Further, at the time of injection, the locking force acts on the divided surfaces so as to press in the mold clamping direction and the injection direction, so that it opposes the reaction force generated in proportion to the injection resin pressure and the projected area. Since it acts so as not to induce the mold opening at the time of injection, it is possible to suppress the deformation of the mold and form a stable molded product.

[Brief description of drawings]

FIG. 1 is an overall side view according to an embodiment of the present invention.

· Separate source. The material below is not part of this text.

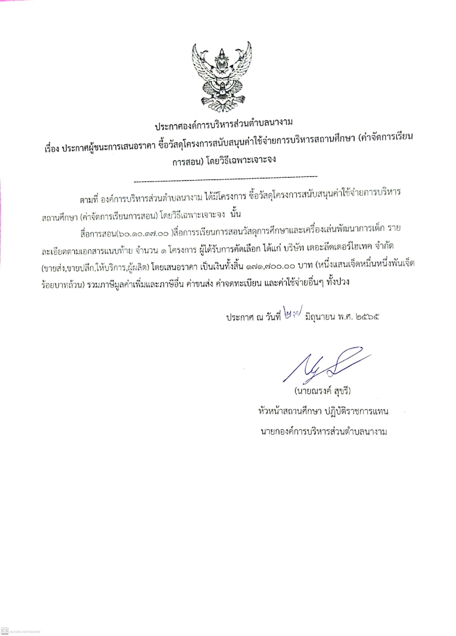 ประกาศผู้ชนะการเสนอราคาซื้อวัสดุโครงการสนับสนุนค่าใช้จ่ายการบริหารสถานศึกษา(ค่าจัดการเรียนการสอน)โดยวิธีเฉพาะเจาะจง

FIG. 2 is a top view of FIG.

FIG. 3 is a side view for explaining the relationship between the mold clamping device, the injection device, and the mold in the conventional example.

[Explanation of symbols]

 1 Mounting Plate 2 Model Plate 3 Notch Groove 4 Notch Groove 5 Tapered Surface 6 Actuator (Cylinder) 8 Block 9 Pin 10 (20) Long Pin 11 (21) Lock Plate 12 (22) Engagement Part 13 (23) Mounting Part 14 (24) Lever 17 Dividing surface

Claims (1)

[Claims] 1. An injection molding machine having a fixed side platen and a movable side platen, wherein a mold plate and a mounting plate are combined into a set of dies, one side of which is the fixed side platen and the other side is the It is fixed to the movable side platen and is clamped by the movement of the movable side platen. By the mold clamping, the mold comes into surface contact with the dividing surface and forms a cavity, and the molten resin is held in the cavity during the mold clamping. In a mold for injection molding, an actuator is attached to one of a mounting plate or a platen of the mold, and a block and a lever fixed at the tip of the actuator are rotatably pivoted by a pin. A substantially notched groove is provided substantially at the center of the template or the mounting plate, and a lock plate having an engaging portion inside the tip of the groove is attached to the template or the mounting plate via a long pin, and the long pin Is a lock It is firmly fixed to the plate and is rotatably inserted into the hole of the template or the mounting plate, and a wide notch groove is formed in the center of the template or the mounting plate on the other side. A tapered surface is formed on the surface of the cutout groove so as to form the same angle as the lock plate, and one end of the long pin is inserted into and fixed to the lever, and the long pin is operated by the operation of the actuator. The locking device in a mold, wherein the locking portion of the locking plate is engaged with the tapered surface on the other side by locking.